In diesem Sinne verbietet sich aber auch, die „Kranken“ einfach aufzugeben, das widerspräche der Liebe und der Treue zu dem, was Jesus vorgelebt hat. Er ist gekommen, um die Sünder zu rufen – er ist zu uns gekommen, obwohl und weil wir Sünder sind! Was für ein großartiger Gott, was aber auch für ein Anspruch an uns, ihm nachzufolgen. So ist auch das Zitat vom Heiligen Johannes Paul II. richtig zu verstehen: „Der Fehler und das Böse müssen immer verurteilt und bekämpft werden, aber der Mensch, der fällt oder einen Fehler macht, muss verstanden und geliebt werden […] Wir müssen unsere Zeit lieben und dem Menschen unserer Zeit helfen.“ Oder eben das alte Augustinus zugeschriebene Zitat: Die Sünde hasse, aber den Sünder liebe!

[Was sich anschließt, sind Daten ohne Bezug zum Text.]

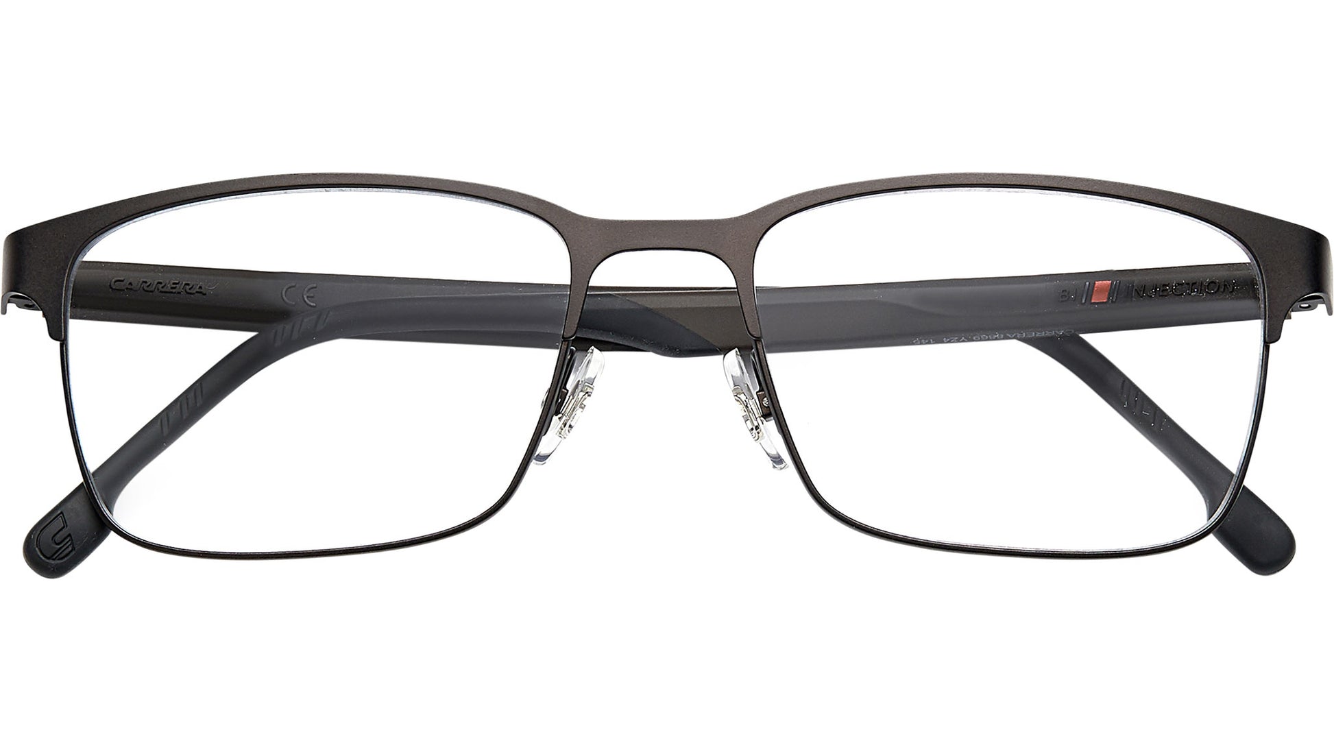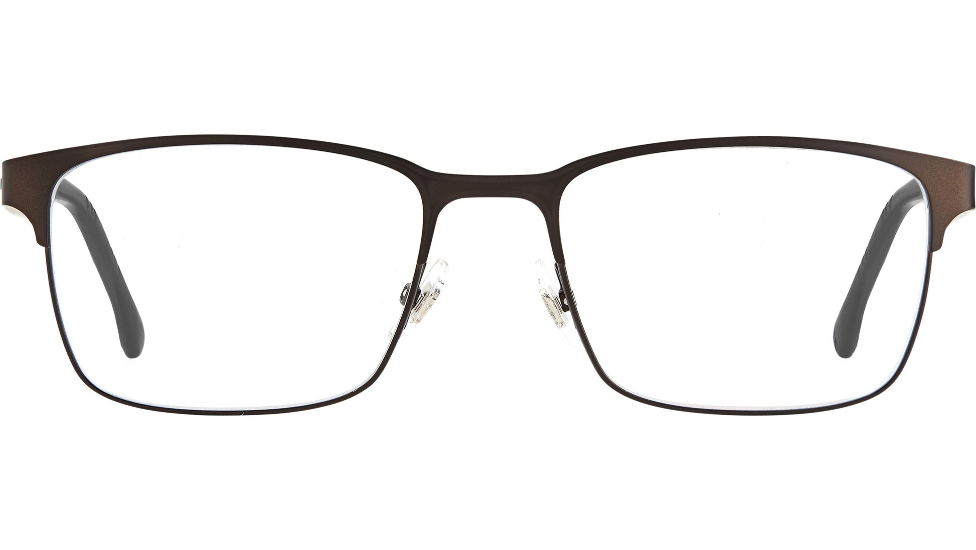 Carrera optical frame model 8869 color code YZ4 Matte Brown. A seamless combination of sleek metal and lightly textured polyamide - these prescription glasses have been expertly crafted using bi-injection molding technology. They feature a classic rectangular front and tapered arms equipped with non-slip rubber grips for comfort. A set of flex hinges ensures a precise fit.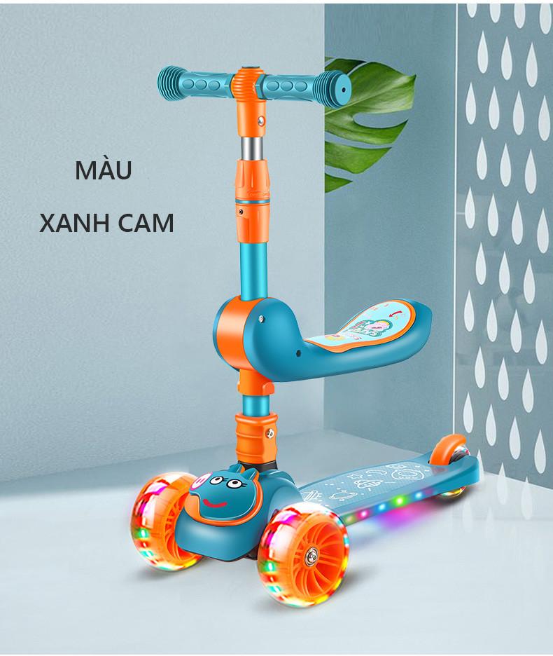 Xe scooter 3 in 1 có nhạc - đèn- chòi chân là một món quà ý nghĩ và tuyệt vời nhất mà các cha mẹ dành cho các bé. Khung xe được làm từ hợp kim chống gỉ chắc chắn, tay cầm có thể điều chỉnh theo chiều cao của từng bé. Bánh xe phát sáng và có âm thanh khi bánh lăn. Tay cầm với chất liệu nhựa mềm an toàn, đàn hồi êm ái và chống trơn trượt cao.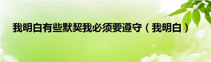 关于我明白有些默契我必须要遵守,我明白这个很多人还不知道,今天菲菲来为大家解答以上的问题,现在让我们一起来看看吧!

Da draußen in der Welt, das ist das perfide, ist es in gewisser Weise umgekehrt: Die Sünde wird relativiert, dann kann man sie auch umarmen, das Sündigen sogar lieben, ist es doch „gottgegeben“, während derjenige, der den Sünder auf den richtigen Weg zu bringen versucht, gehasst wird. Und die, die uns da hassen, ohne das Korrektiv dessen, was Jesus sagt, überhaupt zu kennen, sind wir aufgefordert zu lieben, was auch bedeutet, sie als Sünder wahrzunehmen und ihnen die Wahrheit nahezubringen, die sie im Zweifel nicht hören wollen.

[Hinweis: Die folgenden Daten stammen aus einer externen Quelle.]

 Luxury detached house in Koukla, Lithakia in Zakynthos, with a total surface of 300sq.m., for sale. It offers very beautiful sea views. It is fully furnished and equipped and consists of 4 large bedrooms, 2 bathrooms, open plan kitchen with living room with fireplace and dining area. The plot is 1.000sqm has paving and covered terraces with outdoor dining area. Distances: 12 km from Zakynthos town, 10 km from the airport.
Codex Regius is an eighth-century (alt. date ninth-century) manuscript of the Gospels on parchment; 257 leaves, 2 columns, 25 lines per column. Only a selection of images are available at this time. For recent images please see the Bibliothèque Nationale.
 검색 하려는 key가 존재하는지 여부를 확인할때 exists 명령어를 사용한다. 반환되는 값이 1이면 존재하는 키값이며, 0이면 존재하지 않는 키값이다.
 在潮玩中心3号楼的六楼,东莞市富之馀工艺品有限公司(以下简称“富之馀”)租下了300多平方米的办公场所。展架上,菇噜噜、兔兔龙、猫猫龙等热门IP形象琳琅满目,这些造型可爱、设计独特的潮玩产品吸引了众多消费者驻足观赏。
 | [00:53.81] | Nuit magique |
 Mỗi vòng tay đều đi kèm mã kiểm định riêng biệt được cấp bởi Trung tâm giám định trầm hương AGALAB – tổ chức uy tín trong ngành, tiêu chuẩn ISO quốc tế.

Wer wäre da nicht versucht, diesem Spagat auszuweichen, sich entweder auf die Wahrheit oder die Liebe (verstanden als Entgegenkommen) zu fokussieren, was entweder bedeutet, die Menschen in Sünde aufzugeben oder sie in ihrer Sünde zu belassen. Das Ergebnis ist das gleiche. Und darum ist es so wichtig, dass eine Synode, die sich um das Thema der Familie dreht und deren Augenmerk besonders auf den gestörten Familienkonstellationen liegt, sich dieses Spagates bewusst wird und sich nicht verleiten lässt, einen einfachen Weg zu suchen.

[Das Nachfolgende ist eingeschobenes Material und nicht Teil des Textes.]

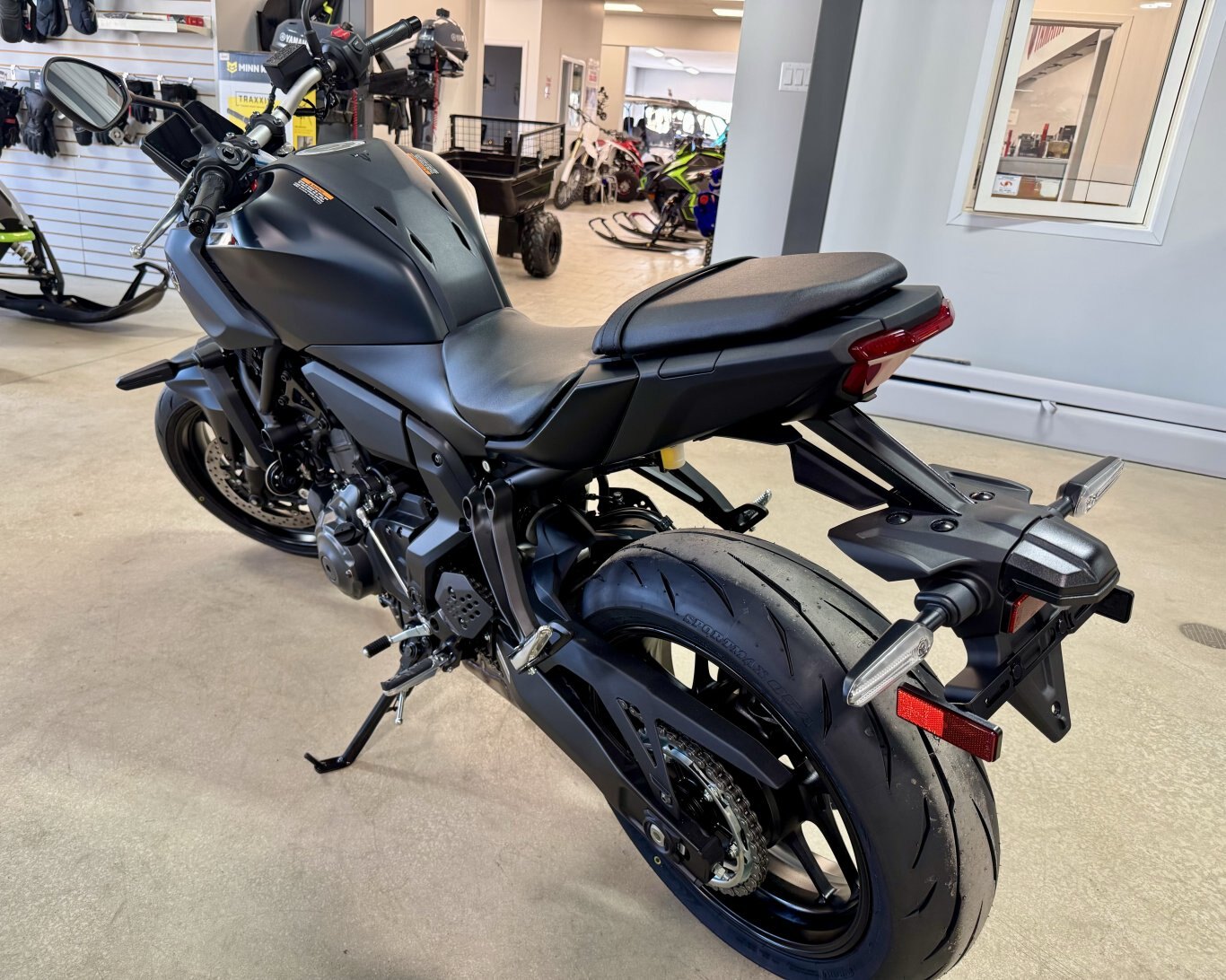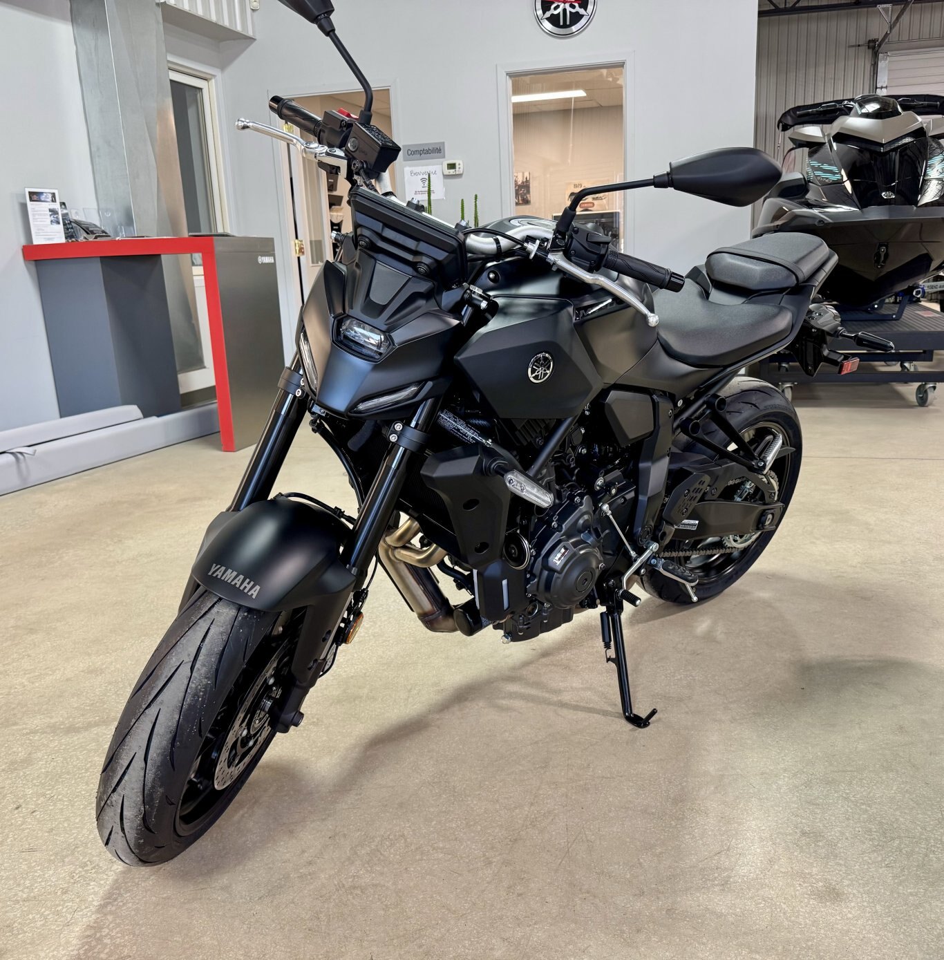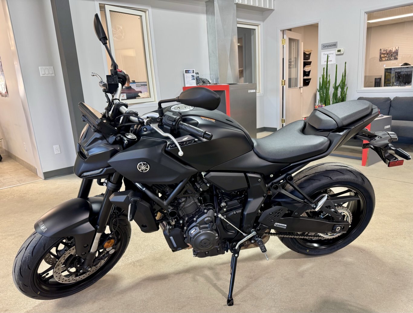 TOUCHES SPÉCIALESÉcran à deux thèmes TFT en couleur de 5 po (12,7 cm) L’écran TFT couleur de 5 po propose un choix entre deux thèmes d’affichage distincts. Le thème « Street » (route) affiche un tachymètre linéaire en haut, accompagné d’un compteur de vitesse numérique et d’un indicateur de rapport engagé — pour un look moderne bien calibré. Le thème « Touring » (tourisme), quant à lui, présente un tachymètre analogique circulaire à droite de l’écran et un compteur numérique de vitesse à gauche, pour une présentation plus classique mais toujours performante. Connectivité avec les téléphones intelligents via l’appli Y-Connect En téléchargeant l’appli gratuite Y-connect de Yamaha sur leur téléphone, les pilotes peuvent connecter leur MT-07 via BluetoothMD et voir les appels entrants, les courriels et les messages sur le nouvel écran TFT. TOUCHES SPÉCIALES:

Wenn ich es recht betrachte: Wie gut, dass der Seelsorge-Papst Franziskus diese Synode einberufen hat und sie vom Theologen-Papst Benedikt im Gebet begleitet wird. Wir dürfen im Vertrauen auf den Heiligen Geist die Hoffnung haben, dass da etwas gutes herauskommt: Etwas, das wahr ist, das die Liebe Gottes zeigt und die Treue zu Christus bewahrt!